**TASK GOAL**
The lines below from the one with "Rechteckige Keramikplatte mit" up to and including the one with "圖為8月3日,在韓國首都首爾" are what you should set down, exactly and without pictures.

**INFORMATION**
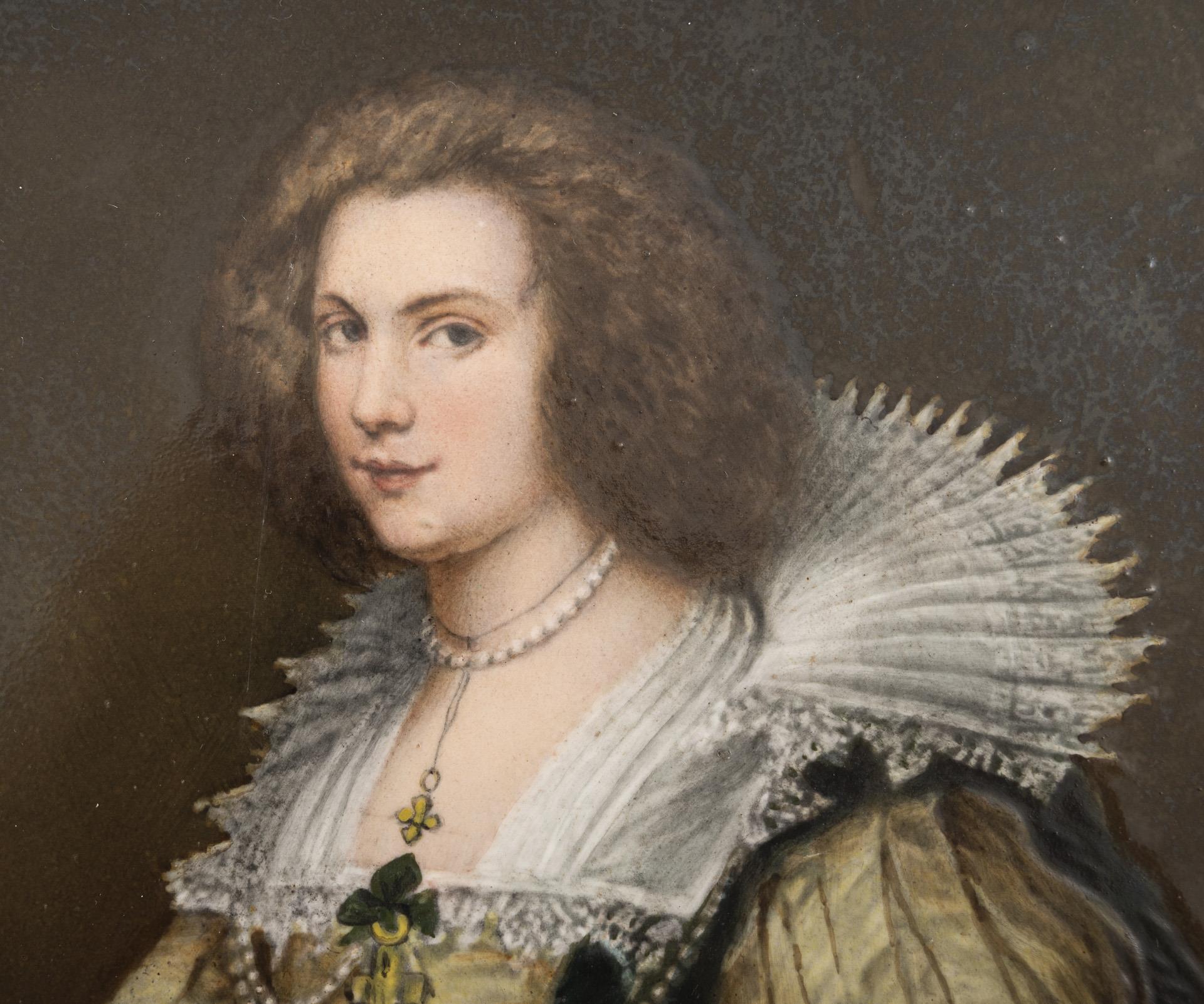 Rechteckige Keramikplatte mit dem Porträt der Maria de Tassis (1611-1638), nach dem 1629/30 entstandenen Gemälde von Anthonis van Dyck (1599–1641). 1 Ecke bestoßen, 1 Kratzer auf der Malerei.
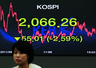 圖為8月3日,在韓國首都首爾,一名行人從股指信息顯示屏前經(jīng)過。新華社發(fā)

...

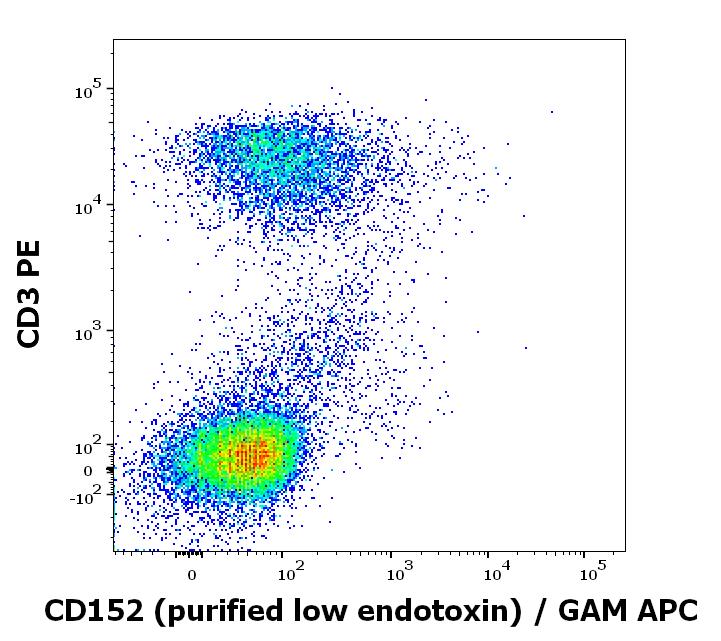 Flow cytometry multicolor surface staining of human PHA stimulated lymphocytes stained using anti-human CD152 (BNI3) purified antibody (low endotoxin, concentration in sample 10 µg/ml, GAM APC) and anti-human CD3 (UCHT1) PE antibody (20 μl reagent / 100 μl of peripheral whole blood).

**OUTPUT FOR THIS TASK**
 Rechteckige Keramikplatte mit dem Porträt der Maria de Tassis (1611-1638), nach dem 1629/30 entstandenen Gemälde von Anthonis van Dyck (1599–1641). 1 Ecke bestoßen, 1 Kratzer auf der Malerei.
 圖為8月3日,在韓國首都首爾,一名行人從股指信息顯示屏前經(jīng)過。新華社發(fā)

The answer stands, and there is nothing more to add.